Metadata-Version: 2.2
Name: docx2daisy
Version: 0.2.0
Summary: A Python library for converting .docx files to DAISY 3 digital books with document preparation checks
Home-page: https://github.com/yourusername/DOCX2DAISY
Author: Your Name
Author-email: your.email@example.com
Classifier: Programming Language :: Python :: 3
Classifier: License :: OSI Approved :: MIT License
Classifier: Operating System :: OS Independent
Requires-Python: >=3.6
Description-Content-Type: text/markdown
License-File: LICENSE.md
Requires-Dist: python-docx>=0.8.11
Dynamic: author
Dynamic: author-email
Dynamic: classifier
Dynamic: description
Dynamic: description-content-type
Dynamic: home-page
Dynamic: requires-dist
Dynamic: requires-python
Dynamic: summary

# DOCX2DAISY

DOCX2DAISY is a Python library that converts Microsoft Word (.docx) documents into DAISY 3 compliant digital books. The output is a ZIP package containing all necessary files for a DAISY 3 book, including text and images. In addition, DOCX2DAISY provides document preparation checks to help ensure that your Word document is properly structured for conversion.

## Features

- **Comprehensive .docx Conversion**  
  Converts all text content (headings, paragraphs, lists, etc.) from .docx files into a structured DTBook XML format.

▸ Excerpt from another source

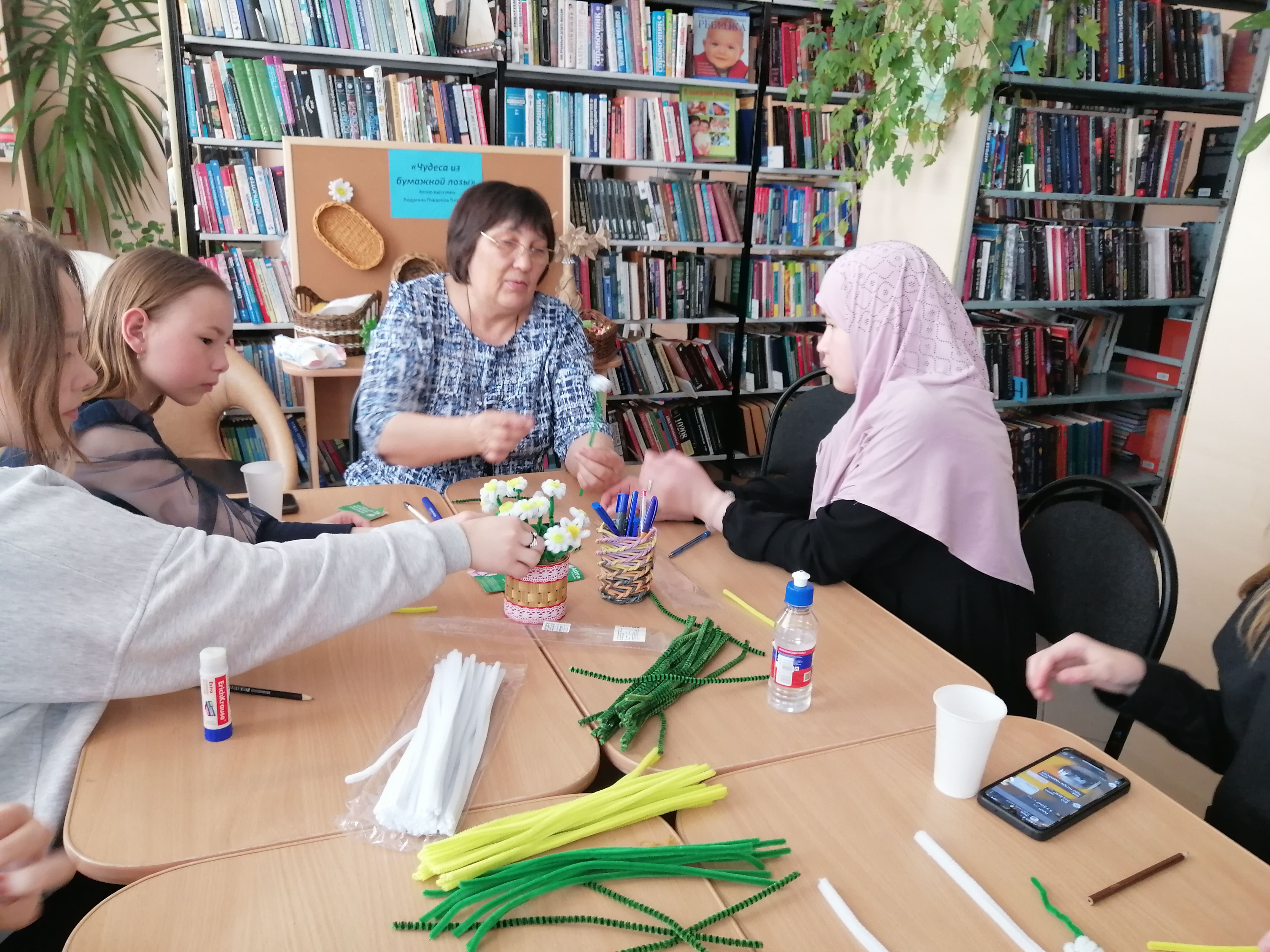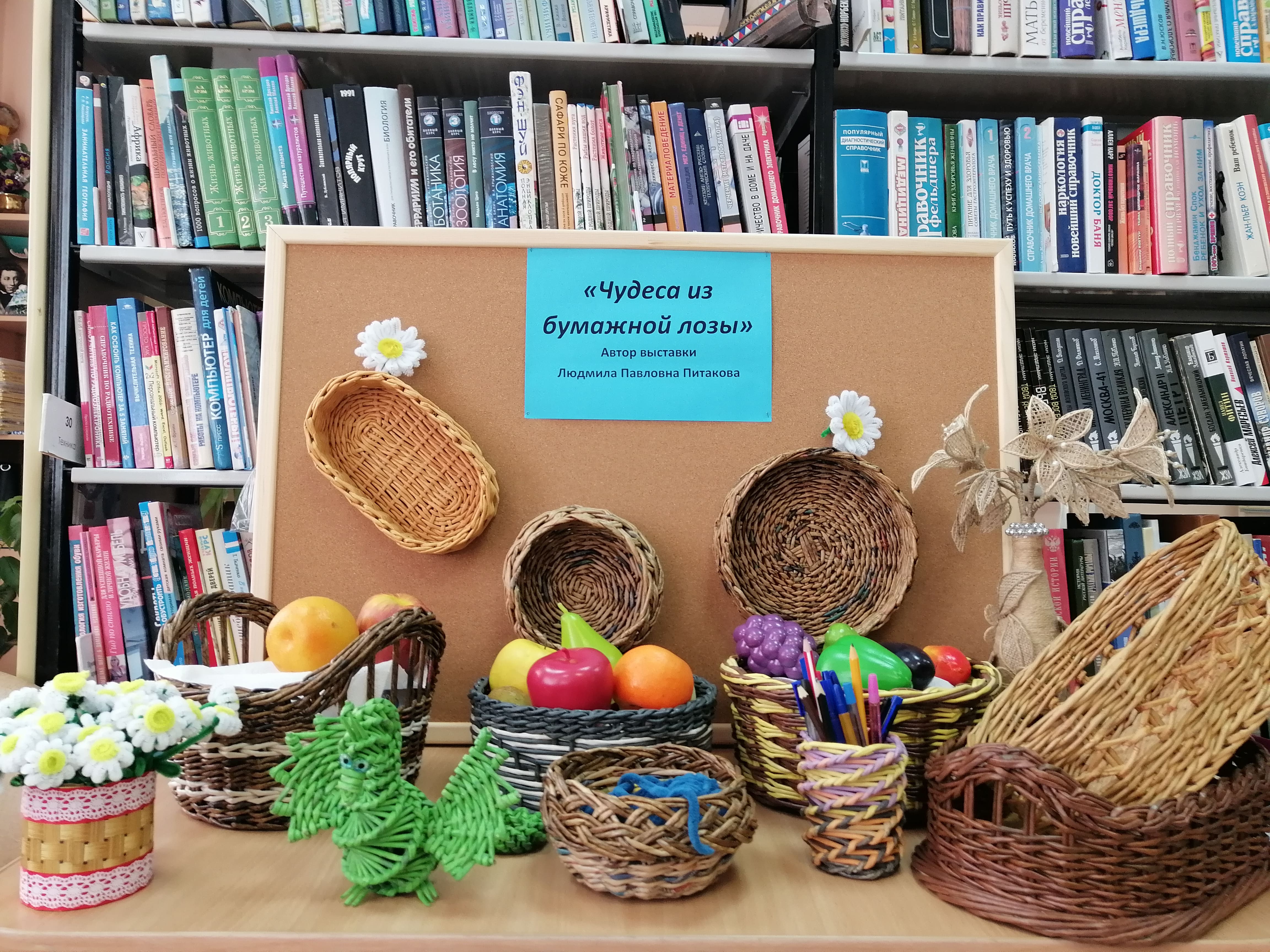 В этот день для читателей в библиотеки открылась выставка "Чудеса из бумажной лозы". Здесь представлены работы – Людмилы Павловны Питаковой.

- **Image Extraction and Embedding**  
  Extracts images from the .docx (if present) and includes them in the DAISY package. Images are referenced in the DTBook XML via `mediaobject` elements with appropriate alternative text.

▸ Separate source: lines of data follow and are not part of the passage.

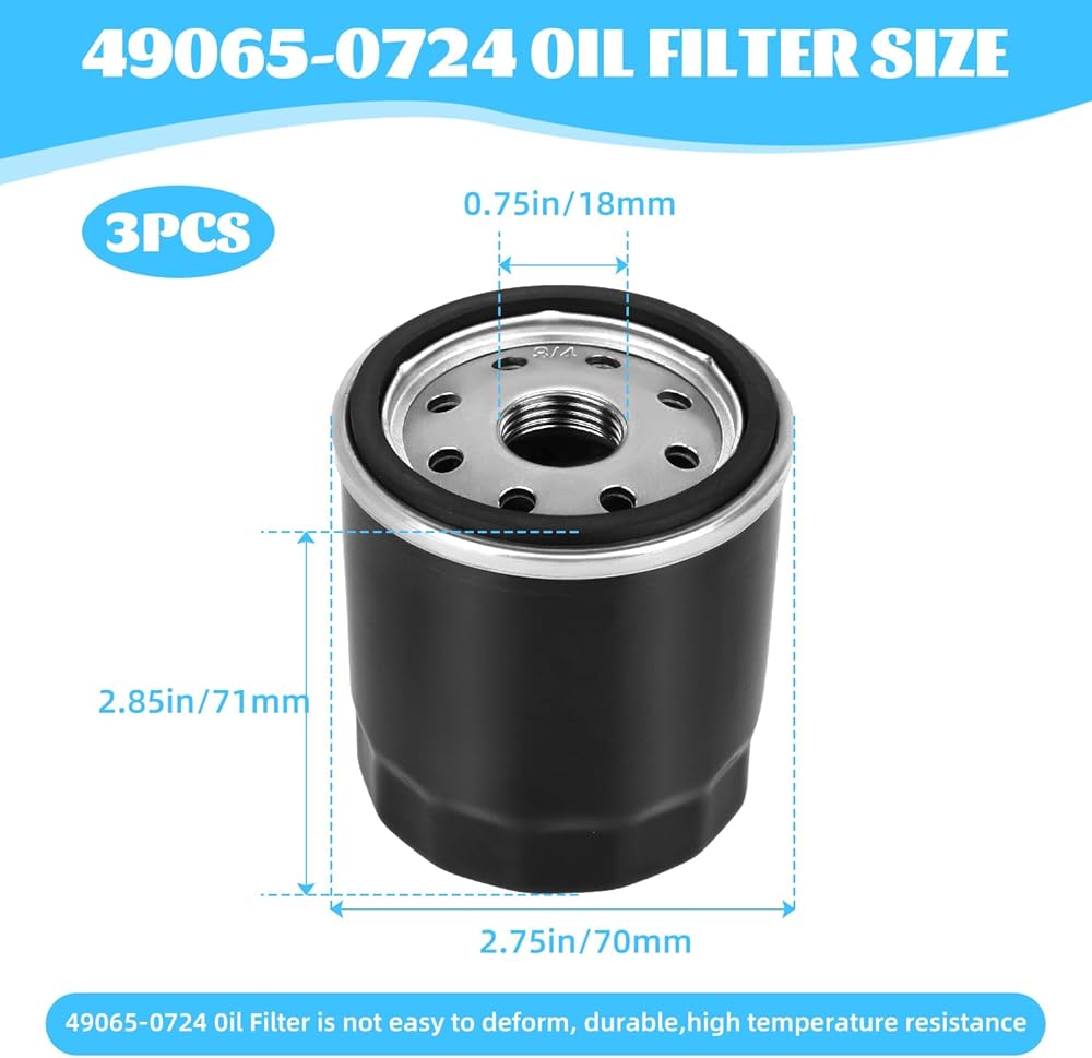 【REPLACEMENT MODELS】This 3-pack of 49065-0724 oil filters for Kawasaki can perfectly replace 49065-7010, 49065-0724, KM-49065-0724, KM-49065-7010, 49065-2057, 49065-2062, 49065-2071, 49065-2078, AM107423, AM101001, AM101054, AM105172, AMK107423, AM147597, AM105555, effortlessly meeting diverse replacement needs
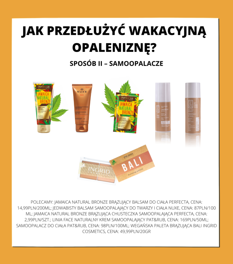 Kolejnym dobrym i bezpiecznym sposobem na przedłużenie opalenizny jest używanie samoopalaczy i balsamów brązujących. Główna różnica między nimi polega na intensywności ich działania. Samoopalacz daje zadowalający efekt już po jednej aplikacji, a balsam „opala” stopniowo. Natomiast oba nakładane na opaloną skórę utrwalą jej brązowy odcień, a ewentualne nierówności będą mniej widoczne. Jest to też znacznie zdrowszy sposób na pozyskanie opalenizny w porównaniu do godzin ekspozycji ciała na promienie słoneczne. Warto jednak pamiętać by używać kosmetyków brązujących zgodnie z zaleceniami producenta. Preparatów przeznaczonych do ciała nie zaleca się nakładać na twarz, gdyż skóra na niej jest znacznie cieńsza i nieodpowiedni kosmetyk może jej tylko zaszkodzić. Warto też pamiętać o tym, że nie każdy produkt będzie odpowiedni dla wszystkich karnacji, dlatego trzeba je dobrać do aktualnego koloru skóry.
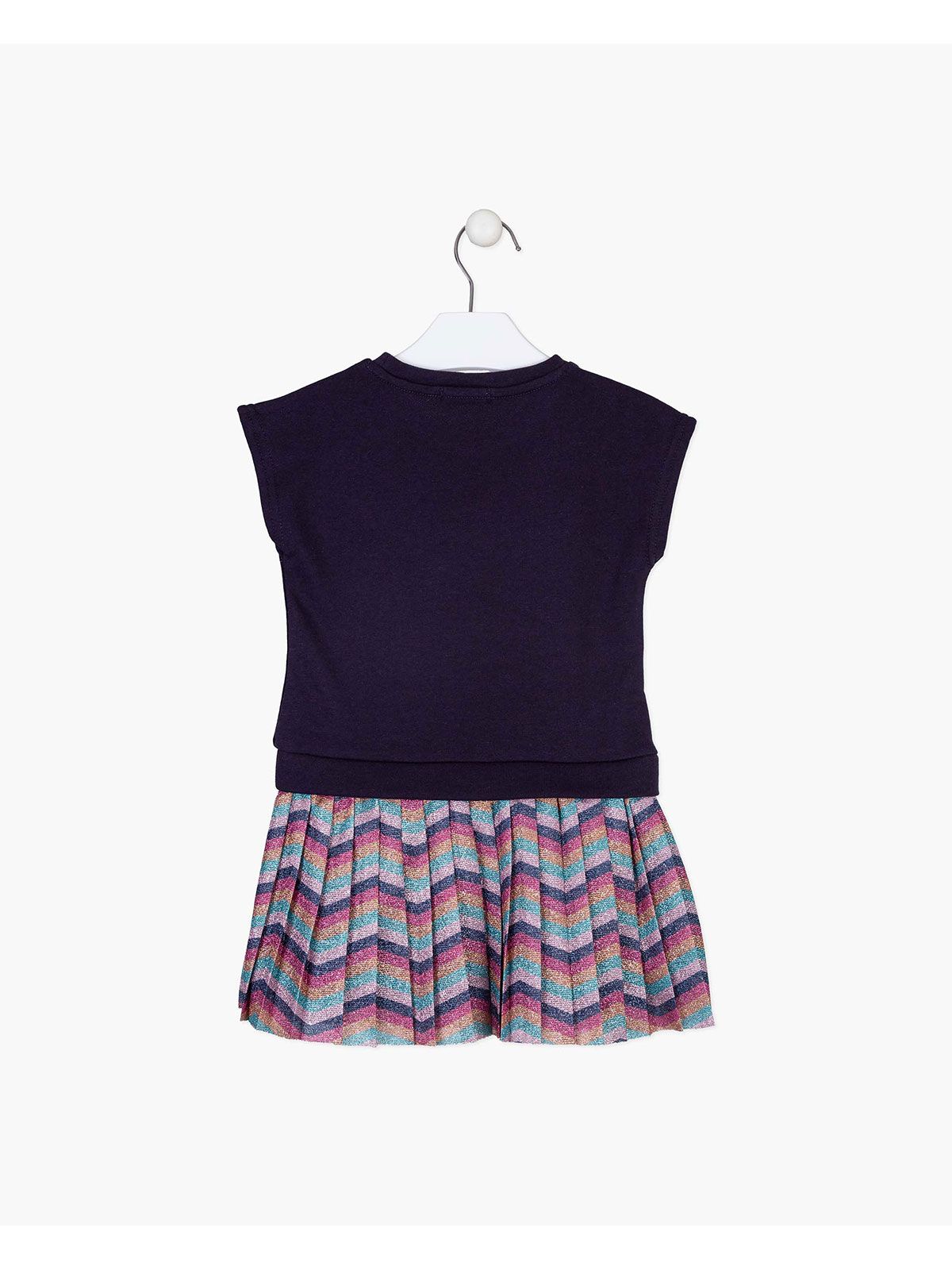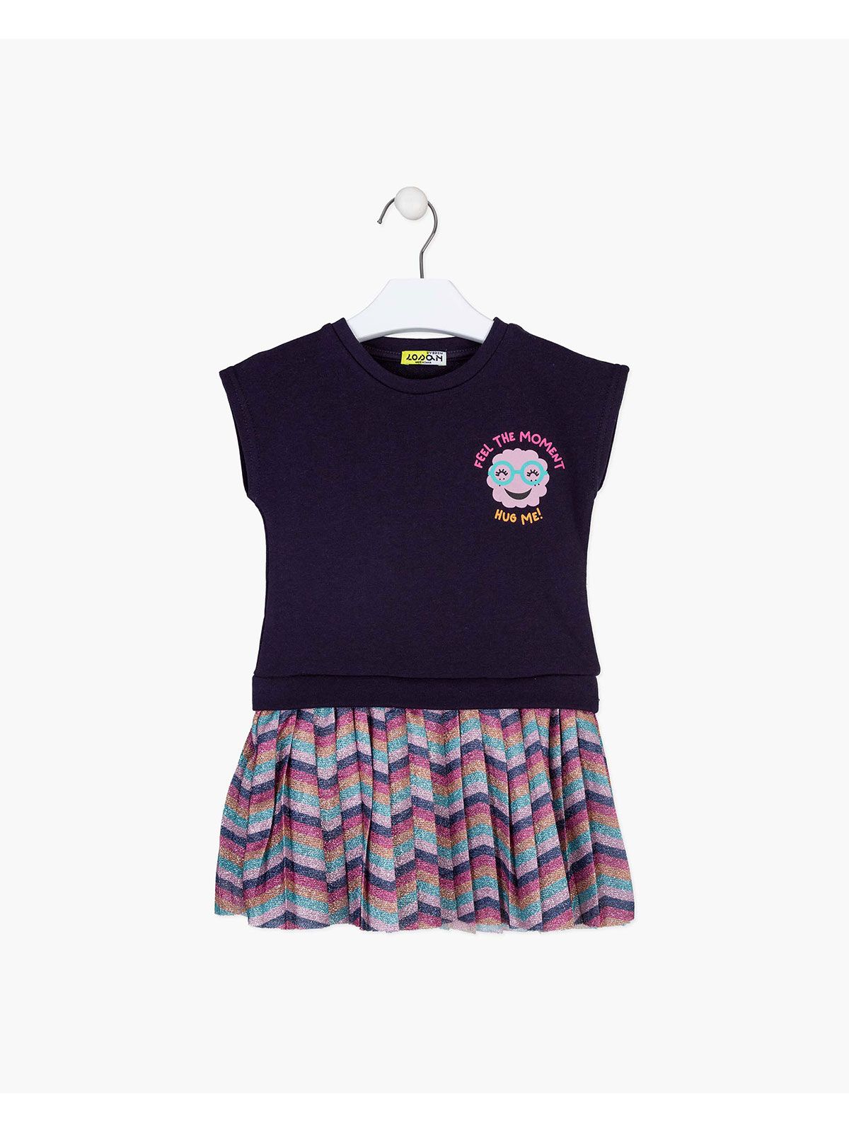 Φόρεμα με γκλίτερ φούστα και print hug me μπλε

- **Document Preparation Checks**  
  Provides functions to verify that your document is properly prepared for conversion, checking for:
  - Essential metadata (Title, Author, Language)
  - Proper use of heading styles (e.g., Heading 1, Heading 2)
  - Alternative text for images
  - Presence of tables (and a note to provide descriptions, if needed)

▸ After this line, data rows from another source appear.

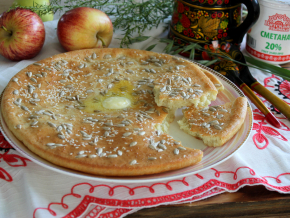 Взбейте яйца, перемешайте с молочными продуктами и с мукой. Налейте тесто в форму, посыпьте семечками и запекайте толстый блин в духовке.
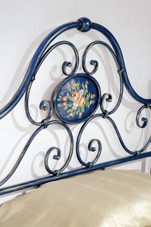 Letto a una piazza e mezza Emmy in ferro battuto. Letto che richiama lo stile classico. Interamente in ferro battuto lavorato a mano artigianalmente. Caratterizzato dal medaglione sulla testata con dipinta una rosa a mano. Disponibile in diverse versioni e in numerose colorazioni a scelta. SU RICHIESTA E' POSSIBILE PREVENTIVARE IL LETTO IN DIMENSIONI FUORI MISURA
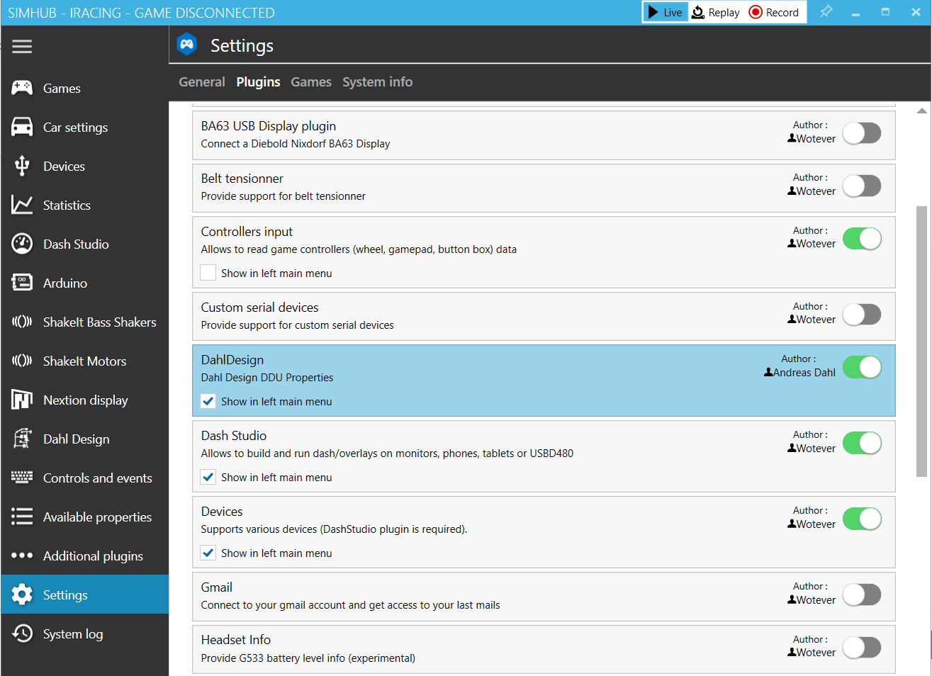 ### Plugin in SimHub
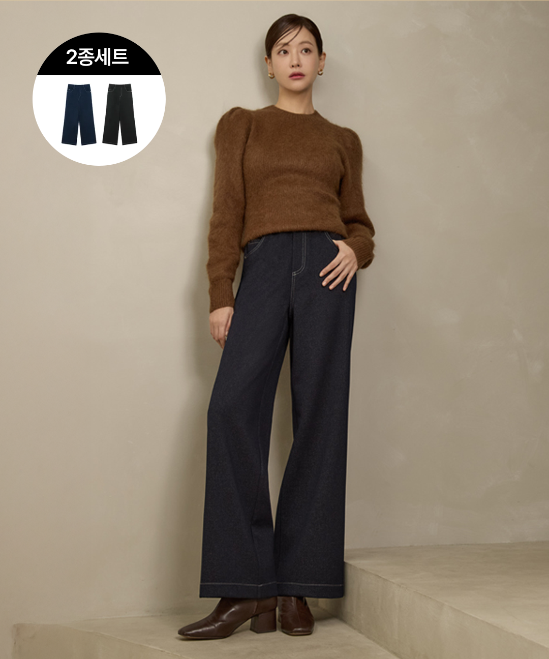 [2종세트] (25FW) 니팅 기모 데님팬츠

- **Standards Compliance**  
  Generates the necessary DAISY 3 files:
  - **DTBook XML** (`book.xml`): Contains formatted text and images.
  - **NCX** (`book.ncx`): Provides navigation (table of contents) with proper DOCTYPE declaration.
  - **SMIL** (`book.smil`): Includes synchronization information with an empty `<audio>` tag for each navigation point and a DOCTYPE declaration.
  - **OPF** (`book.opf`): The package manifest linking all resources.

- **ZIP Packaging**  
  All generated files, including extracted images (if any), are bundled into a single ZIP package for easy distribution and use with DAISY readers.

## Requirements

- Python 3.x  
- [python-docx](https://python-docx.readthedocs.io/en/latest/)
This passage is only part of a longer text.